Source records.
-----

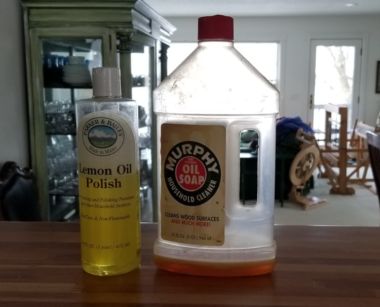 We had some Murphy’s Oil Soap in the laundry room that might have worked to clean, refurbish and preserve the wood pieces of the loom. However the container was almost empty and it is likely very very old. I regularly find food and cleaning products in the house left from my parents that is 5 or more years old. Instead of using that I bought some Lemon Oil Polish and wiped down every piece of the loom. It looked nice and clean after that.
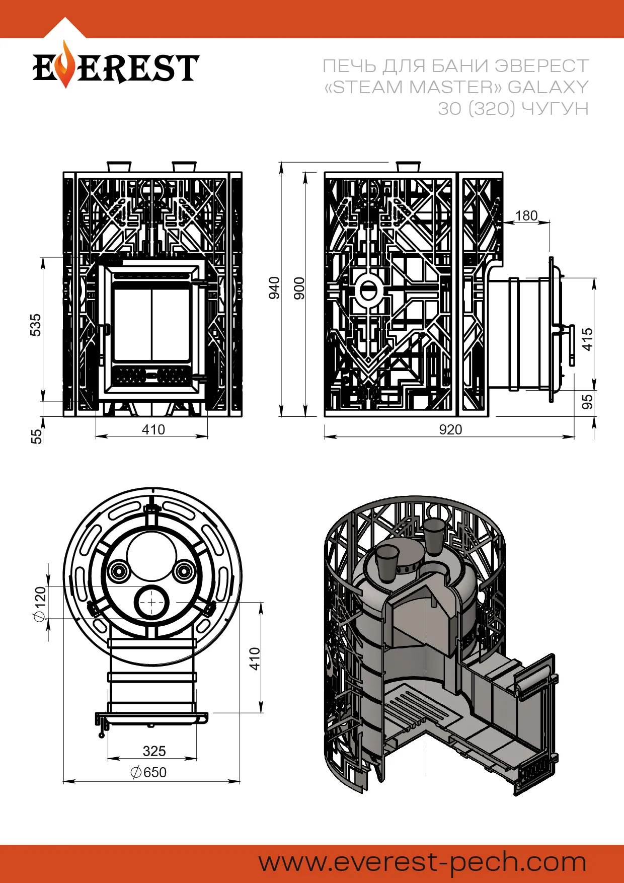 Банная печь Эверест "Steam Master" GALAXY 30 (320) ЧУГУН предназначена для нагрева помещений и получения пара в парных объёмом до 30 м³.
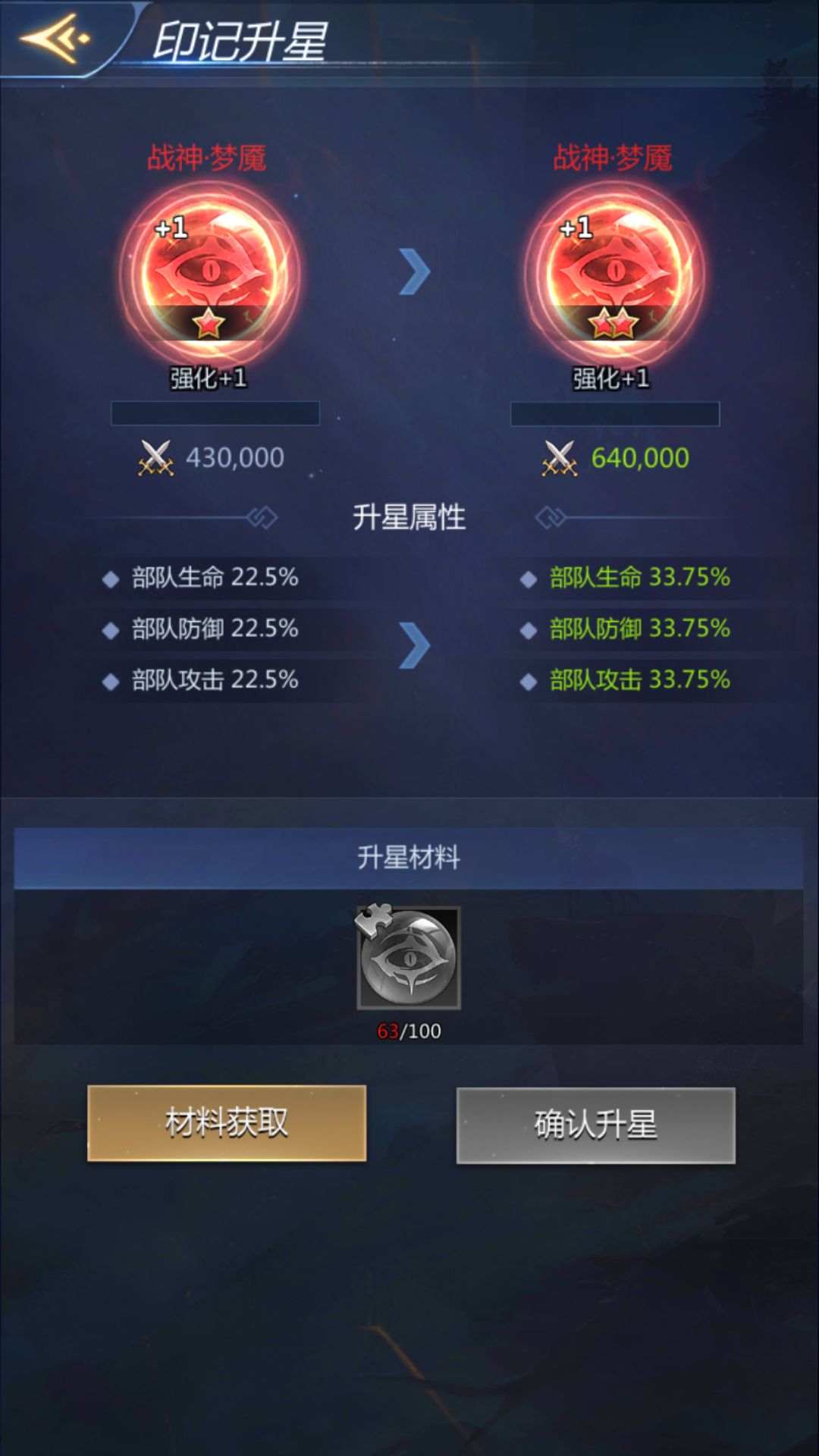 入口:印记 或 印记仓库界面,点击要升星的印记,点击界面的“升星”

-----

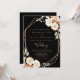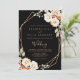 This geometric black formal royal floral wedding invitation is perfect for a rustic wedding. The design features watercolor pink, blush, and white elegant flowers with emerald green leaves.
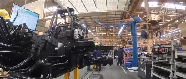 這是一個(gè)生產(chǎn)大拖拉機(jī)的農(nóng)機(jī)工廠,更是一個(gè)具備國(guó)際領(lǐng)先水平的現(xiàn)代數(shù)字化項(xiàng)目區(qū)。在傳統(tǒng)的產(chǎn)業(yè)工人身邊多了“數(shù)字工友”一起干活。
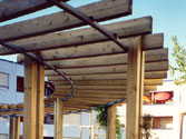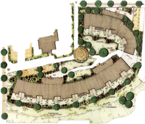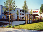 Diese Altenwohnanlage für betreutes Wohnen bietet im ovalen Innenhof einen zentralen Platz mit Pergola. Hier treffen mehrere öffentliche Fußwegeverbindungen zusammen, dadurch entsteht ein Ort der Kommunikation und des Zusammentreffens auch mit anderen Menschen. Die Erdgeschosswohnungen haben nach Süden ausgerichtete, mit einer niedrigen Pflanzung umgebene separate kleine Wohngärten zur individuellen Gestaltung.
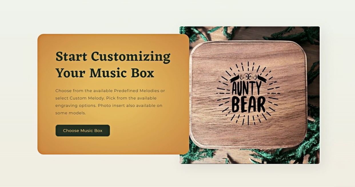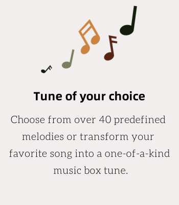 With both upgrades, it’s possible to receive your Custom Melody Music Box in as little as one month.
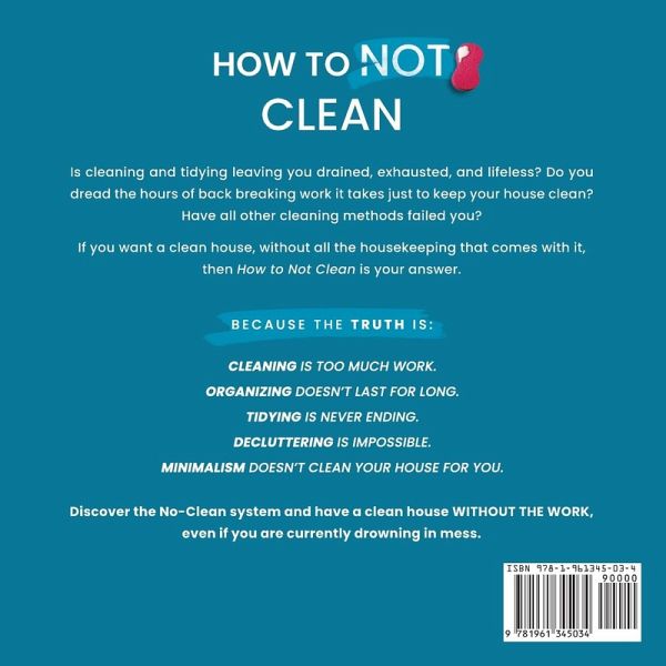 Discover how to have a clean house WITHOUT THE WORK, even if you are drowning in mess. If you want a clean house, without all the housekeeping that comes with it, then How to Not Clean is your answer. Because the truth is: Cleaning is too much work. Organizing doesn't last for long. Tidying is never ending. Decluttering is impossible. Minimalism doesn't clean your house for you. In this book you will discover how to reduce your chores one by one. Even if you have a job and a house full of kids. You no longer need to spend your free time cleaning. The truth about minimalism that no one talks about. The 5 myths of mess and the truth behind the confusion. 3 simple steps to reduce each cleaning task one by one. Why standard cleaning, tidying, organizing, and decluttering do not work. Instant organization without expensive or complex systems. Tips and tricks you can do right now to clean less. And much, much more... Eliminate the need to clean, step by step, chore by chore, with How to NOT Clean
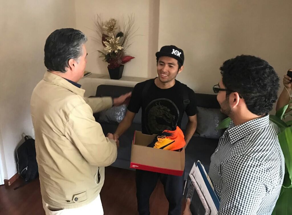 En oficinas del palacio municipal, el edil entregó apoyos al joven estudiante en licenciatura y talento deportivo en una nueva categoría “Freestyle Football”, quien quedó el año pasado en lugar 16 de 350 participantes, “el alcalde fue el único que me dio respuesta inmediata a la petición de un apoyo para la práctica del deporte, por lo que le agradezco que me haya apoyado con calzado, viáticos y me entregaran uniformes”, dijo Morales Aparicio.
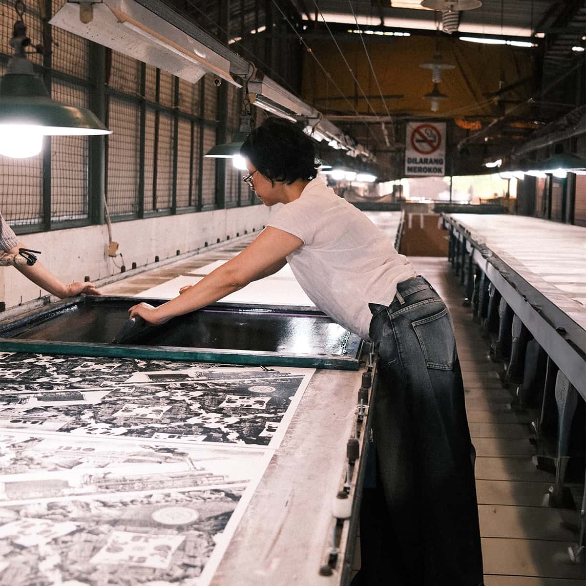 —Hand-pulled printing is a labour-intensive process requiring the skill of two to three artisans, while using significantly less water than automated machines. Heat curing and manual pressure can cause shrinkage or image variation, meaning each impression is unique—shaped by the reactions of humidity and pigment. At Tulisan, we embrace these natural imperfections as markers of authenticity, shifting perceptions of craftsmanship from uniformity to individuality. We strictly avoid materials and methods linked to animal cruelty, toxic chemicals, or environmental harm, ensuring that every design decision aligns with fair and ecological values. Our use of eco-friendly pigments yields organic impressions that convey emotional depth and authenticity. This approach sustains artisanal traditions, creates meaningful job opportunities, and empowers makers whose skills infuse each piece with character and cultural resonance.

-----

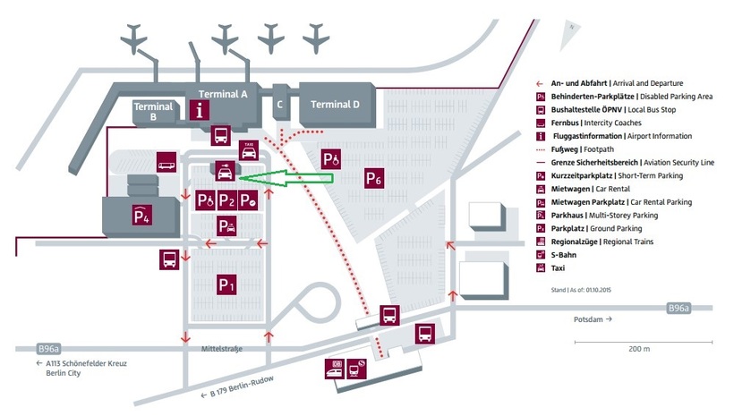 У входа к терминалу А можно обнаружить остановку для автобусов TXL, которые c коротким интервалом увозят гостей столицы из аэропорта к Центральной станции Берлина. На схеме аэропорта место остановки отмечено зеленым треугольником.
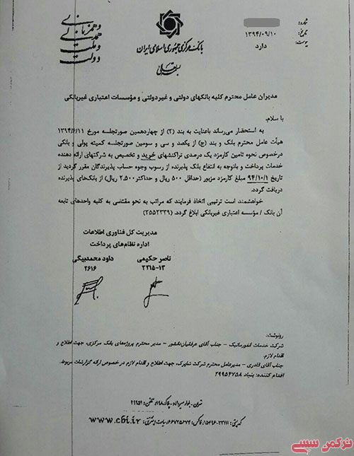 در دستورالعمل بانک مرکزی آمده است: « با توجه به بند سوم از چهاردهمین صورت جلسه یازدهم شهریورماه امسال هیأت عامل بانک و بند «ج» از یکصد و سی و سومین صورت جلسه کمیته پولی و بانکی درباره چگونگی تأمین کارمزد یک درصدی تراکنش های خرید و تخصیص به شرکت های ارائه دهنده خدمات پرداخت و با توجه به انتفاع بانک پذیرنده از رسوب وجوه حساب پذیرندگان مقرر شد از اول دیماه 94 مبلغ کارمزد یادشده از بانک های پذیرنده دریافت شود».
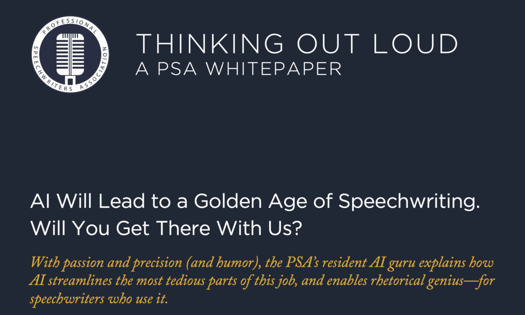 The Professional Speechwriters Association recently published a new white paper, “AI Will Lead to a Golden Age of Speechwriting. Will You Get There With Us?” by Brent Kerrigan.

-----

In the entries above, find the line with "Diese Altenwohnanlage für" and the line with "En oficinas del". Write out exactly those two lines and every line between them, pictures excluded.

Expected answer.
 Diese Altenwohnanlage für betreutes Wohnen bietet im ovalen Innenhof einen zentralen Platz mit Pergola. Hier treffen mehrere öffentliche Fußwegeverbindungen zusammen, dadurch entsteht ein Ort der Kommunikation und des Zusammentreffens auch mit anderen Menschen. Die Erdgeschosswohnungen haben nach Süden ausgerichtete, mit einer niedrigen Pflanzung umgebene separate kleine Wohngärten zur individuellen Gestaltung.
 With both upgrades, it’s possible to receive your Custom Melody Music Box in as little as one month.
 Discover how to have a clean house WITHOUT THE WORK, even if you are drowning in mess. If you want a clean house, without all the housekeeping that comes with it, then How to Not Clean is your answer. Because the truth is: Cleaning is too much work. Organizing doesn't last for long. Tidying is never ending. Decluttering is impossible. Minimalism doesn't clean your house for you. In this book you will discover how to reduce your chores one by one. Even if you have a job and a house full of kids. You no longer need to spend your free time cleaning. The truth about minimalism that no one talks about. The 5 myths of mess and the truth behind the confusion. 3 simple steps to reduce each cleaning task one by one. Why standard cleaning, tidying, organizing, and decluttering do not work. Instant organization without expensive or complex systems. Tips and tricks you can do right now to clean less. And much, much more... Eliminate the need to clean, step by step, chore by chore, with How to NOT Clean
 En oficinas del palacio municipal, el edil entregó apoyos al joven estudiante en licenciatura y talento deportivo en una nueva categoría “Freestyle Football”, quien quedó el año pasado en lugar 16 de 350 participantes, “el alcalde fue el único que me dio respuesta inmediata a la petición de un apoyo para la práctica del deporte, por lo que le agradezco que me haya apoyado con calzado, viáticos y me entregaran uniformes”, dijo Morales Aparicio.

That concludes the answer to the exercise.